[Exercise data]
=-=-=-=-=
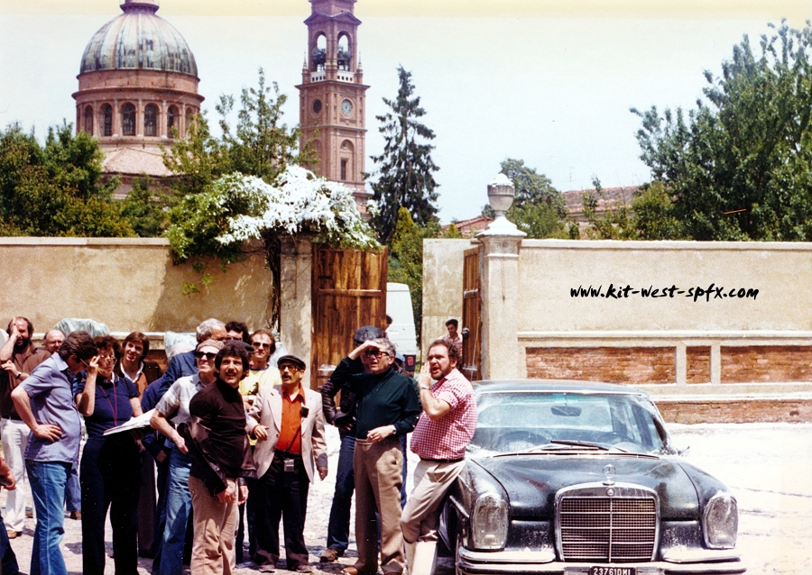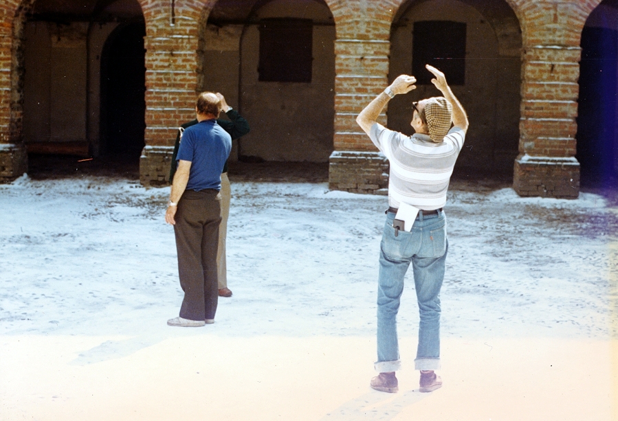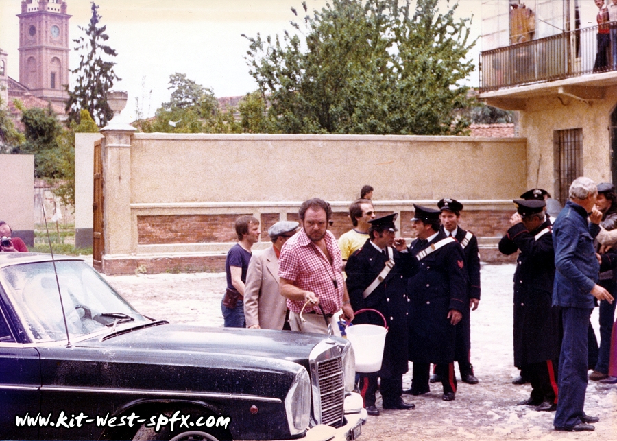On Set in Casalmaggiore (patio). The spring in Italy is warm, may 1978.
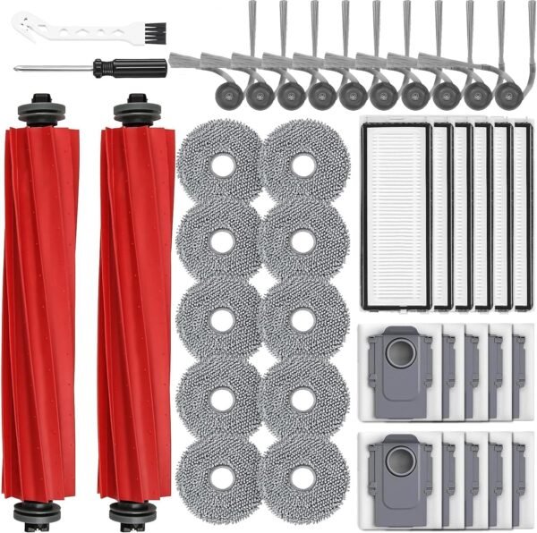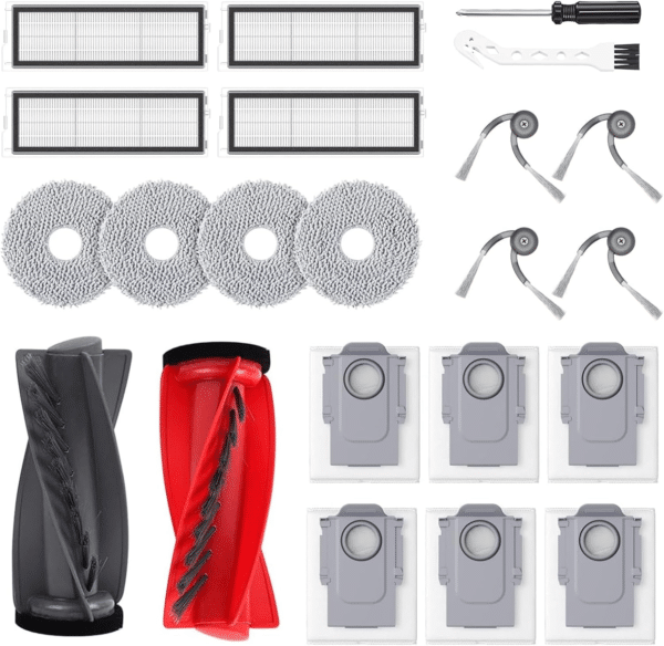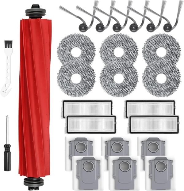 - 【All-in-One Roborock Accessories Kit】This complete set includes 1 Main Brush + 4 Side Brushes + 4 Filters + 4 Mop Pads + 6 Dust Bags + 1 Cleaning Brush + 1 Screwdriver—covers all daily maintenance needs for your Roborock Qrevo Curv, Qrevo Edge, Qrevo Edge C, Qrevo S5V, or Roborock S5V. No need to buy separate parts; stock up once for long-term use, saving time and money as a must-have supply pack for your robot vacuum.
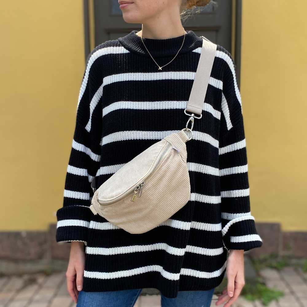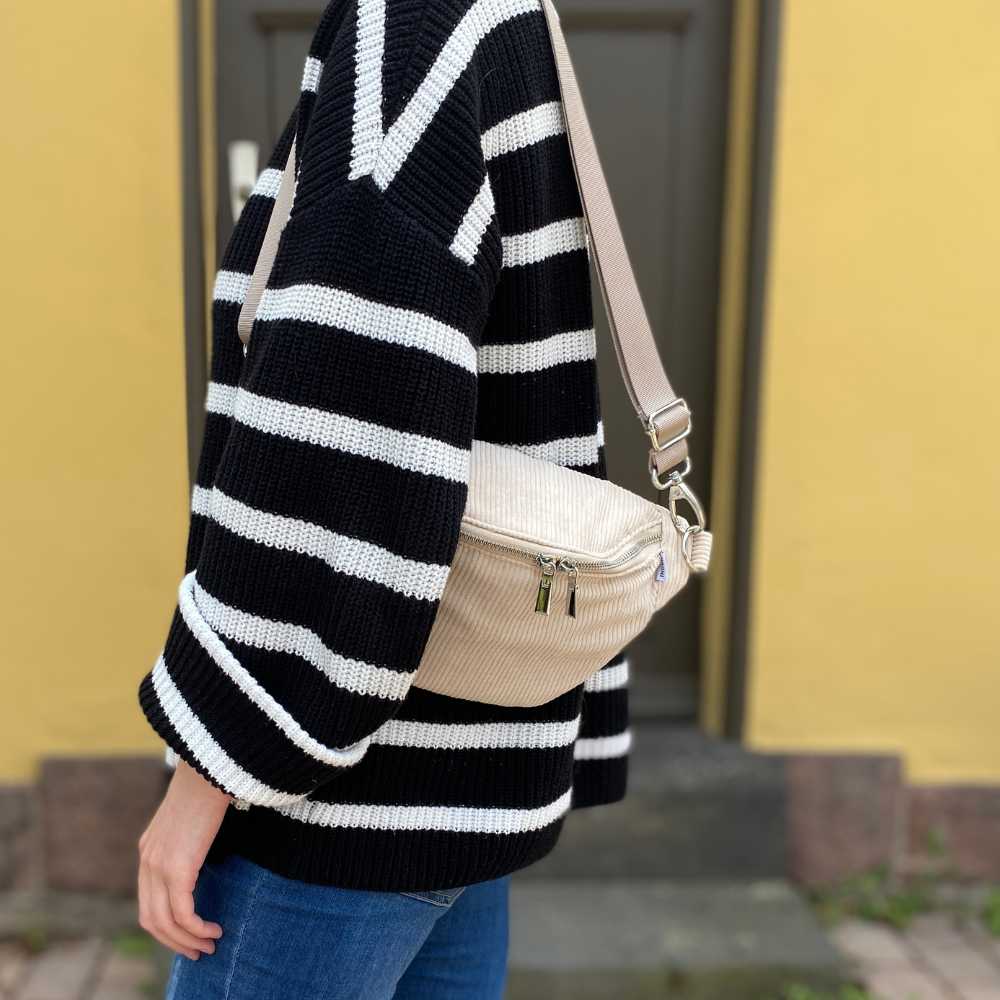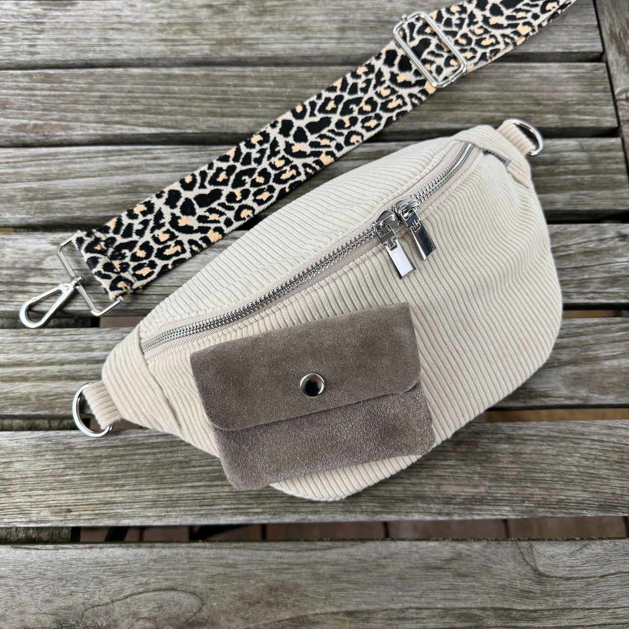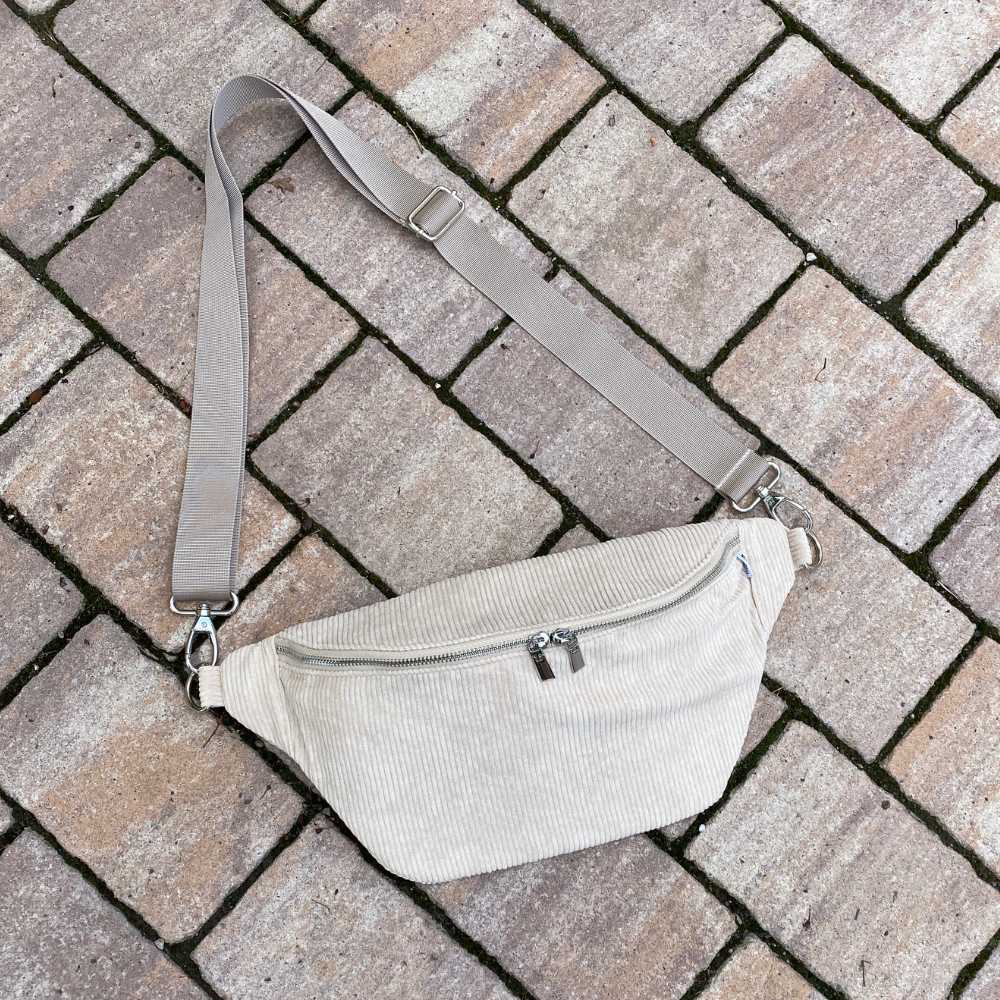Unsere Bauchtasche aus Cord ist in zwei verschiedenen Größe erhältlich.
=-=-=-=-=
[Work to complete] The required output is the span of lines from the line with "- 【All-in-One Roborock" through the final line of the listing above, reproduced exactly, minus the pictures.

[Result of the exercise]
 - 【All-in-One Roborock Accessories Kit】This complete set includes 1 Main Brush + 4 Side Brushes + 4 Filters + 4 Mop Pads + 6 Dust Bags + 1 Cleaning Brush + 1 Screwdriver—covers all daily maintenance needs for your Roborock Qrevo Curv, Qrevo Edge, Qrevo Edge C, Qrevo S5V, or Roborock S5V. No need to buy separate parts; stock up once for long-term use, saving time and money as a must-have supply pack for your robot vacuum.
Unsere Bauchtasche aus Cord ist in zwei verschiedenen Größe erhältlich.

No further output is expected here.